One of the unique things about the VaxEffect vaccine immune response tests is that, unlike other tests, it's actually able to offer 4 unique answers or responses to questions that you may have. The first one is: Did I actually generate an immune response? It's a quantitative assessment, yes/no, to generating immune response to the vaccine you received.
The second one is, because of the uniqueness of the platform we use in flow cytometry, you're able to quantify the amount of vaccine immune response that you've generated over a very wide dynamic range, and this is called the VaxEffect Score. This will not only tell you how well you've generated an immune response, but you will be able to actually see where your immune response level is in comparison to other people who've taken the test.
The third component is that you can actually track over time that immune response. We envision [a scenario] where a patient would have a VaxEffect test to see what their immune response was like to the vaccine they received, and then have repeat tests every 3 months [or] 6 months to see whether they are maintaining that specific immune response to the vaccine they received.

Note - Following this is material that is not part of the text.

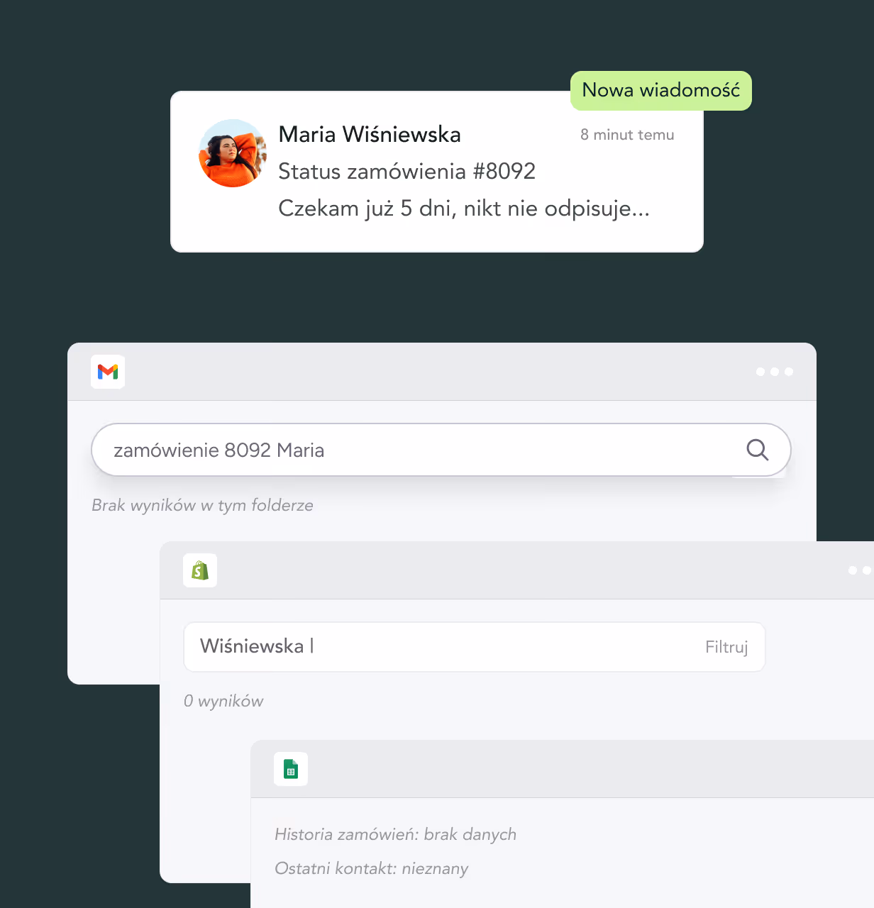 - AI Agent automatycznie rozpoznaje klienta, jego zamówienia i historię

The last component of this is whether you have a prior exposure to the virus. Forty percent of people who were exposed to the virus did not know they had generated or been exposed to the virus, and therefore generate an immune response. We're able to actually uniquely identify those individuals who have been exposed to the virus. With this test what we think we have is something where you can uniquely quantify and track your immune response to the vaccine you received or to the COVID-19 virus that you were previously exposed to.

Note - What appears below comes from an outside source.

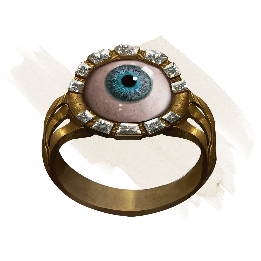 While wearing this ring, you can use an action to speak its command word. When you do so, you can see into and through solid matter for 1 minute. This vision has a radius of 30 feet. To you, solid objects within that radius appear transparent and don't prevent light from passing through them. The vision can penetrate 1 foot of stone, 1 inch of common metal, or up to 3 feet of wood or dirt. Thicker substances block the vision, as does a thin sheet of lead.

Q: Who is the target user for VaxEffect?
Morgan: We believe the primary user for the VaxEffect immune response test actually will be the physician's office. We believe that doctors will be really interested in utilizing the test to really understand their patient's immune response to the vaccine or if they've been previously exposed to the virus. What we've heard is that, especially in immunocompromised patients, doctors are unable to provide a real definitive answer as to whether the patient [has] actually created immune response to the vaccines they've received. This is tremendously important when patients are thinking about returning to their everyday lives, returning to interacting with their families, going on vacation.
For most of us, we don't even think about it now. We think we've been vaccinated, and we just assume we’ve had a good immune response. For immunocompromised patients, it's a different story. They really don't know if they've created that robust immune response, and the doctors are unable to provide the information. We think this test, for a healthcare provider, will be able to turn to that patient and say, ‘You know what, I can actually now give you a simple blood test and I can tell you the response you've made.’ And because it's extremely quantitative over a very wide dynamic range, that doctor will be able to say to the patient whether they've even generated a weak immune response, which may indicate that they could potentially get a booster shot, which would increase their antibody levels, and then make them feel more comfortable about returning to the world and environment than they used to.